Whenever you encounter a Sim2Real hole like this, there are two choices. The simple choice is to introduce a brand new reward, telling the robotic to not do no matter unhealthy factor it’s doing. However the issue is that these rewards are a bit like duct tape on the robotic — inelegant, lacking the foundation causes. They pile up, and so they cloud the unique goal of the coverage with many different phrases. It results in a coverage which may work, however will not be comprehensible, and behaves unpredictably when composed with new rewards.
The opposite, more durable, choice is to take a step again and determine what it’s in regards to the simulations that differ from actuality. Agility as an organization has at all times been targeted on understanding the bodily instinct behind what we do. It’s how we designed our robotic, all the best way from the actuators to the software program.
Our RL method isn’t any completely different. We need to perceive the why and use that to drive the how. So we started a six-month journey to determine why our simulated toes don’t do the identical factor as our actual toes.
It turns on the market are quite a lot of causes.
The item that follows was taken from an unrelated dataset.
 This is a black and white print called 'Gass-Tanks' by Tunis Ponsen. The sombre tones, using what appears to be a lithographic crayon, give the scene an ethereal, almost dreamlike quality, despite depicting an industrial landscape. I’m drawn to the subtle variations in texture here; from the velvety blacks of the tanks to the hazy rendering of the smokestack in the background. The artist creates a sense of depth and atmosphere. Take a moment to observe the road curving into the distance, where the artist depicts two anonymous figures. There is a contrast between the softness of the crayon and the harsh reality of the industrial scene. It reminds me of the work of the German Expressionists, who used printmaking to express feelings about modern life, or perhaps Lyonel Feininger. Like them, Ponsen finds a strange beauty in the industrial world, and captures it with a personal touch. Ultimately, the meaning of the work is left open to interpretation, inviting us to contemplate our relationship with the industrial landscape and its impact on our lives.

There have been simplifying assumption within the collision geometry, inaccuracies in how power propagated by our actuators and transmissions, and instabilities in how constraints are solved in our distinctive closed-chain kinematics (shaped by the connecting rods hooked up to our toe plates and tarsus). And we’ve been systematically learning, fixing, and eliminating these gaps.
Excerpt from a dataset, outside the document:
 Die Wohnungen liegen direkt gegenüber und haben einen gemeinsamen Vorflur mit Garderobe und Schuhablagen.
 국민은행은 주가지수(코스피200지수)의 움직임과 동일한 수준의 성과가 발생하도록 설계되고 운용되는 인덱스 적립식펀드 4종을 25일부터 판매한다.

The web end result has been an enormous step ahead in our RL software program stack. As an alternative of a pile of stacked-reward features over every little thing from “Cease wiggling your foot” to “Arise straighter,” we’ve a handful of rewards round issues like power consumption and symmetry that aren’t solely less complicated, but in addition observe our fundamental intuitions about how Digit ought to transfer.
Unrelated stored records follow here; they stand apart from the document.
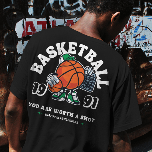 Basketball Premium Black Oversized Typography Back Printed T-shirt
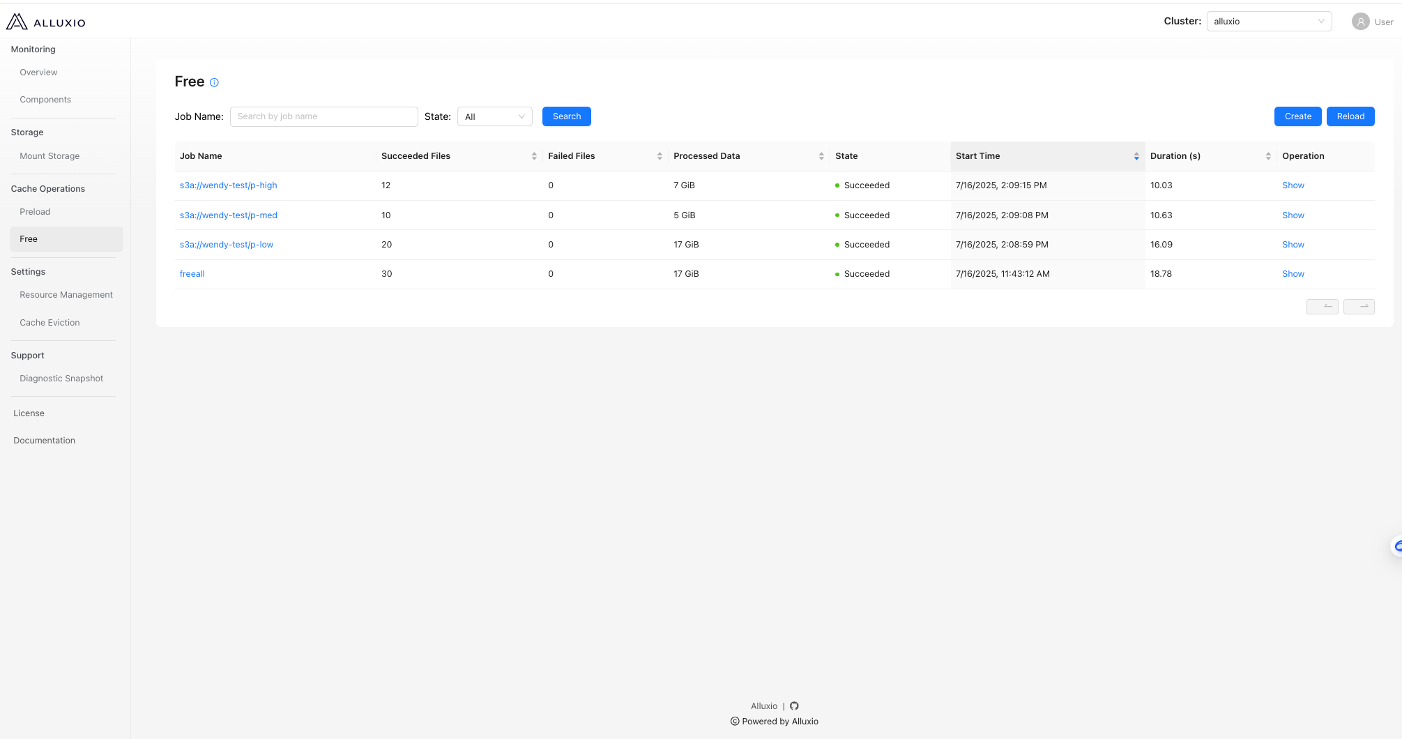Similar to Preload, the Free page displays all submitted free jobs. Users can also click the Create button to start a new free job.
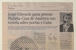 Jorge Edwards gana premio Planeta-Casa de América con novela sobre poetas y Cuba [artículo] Roberto Careaga C.
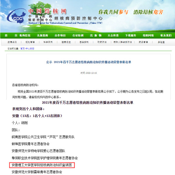 近日,中国疾病预防控制中心发布《2021年百千万志愿者结核病防治知识传播活动荣誉表彰名单》,我校医学院结核病防治知识宣讲团获得2021年度优秀团体荣誉称号。

Investing the time to know why the simulation differed has taught us much more about why we would like Digit to maneuver a sure manner within the first place. And most significantly, coupled with quick NVIDIA Isaac Sim, a reference software constructed on NVIDIA Omniverse for simulating an testing AI-driven robots, it’s enabled us to discover the impression of various bodily traits that we would need in future generations of Digit.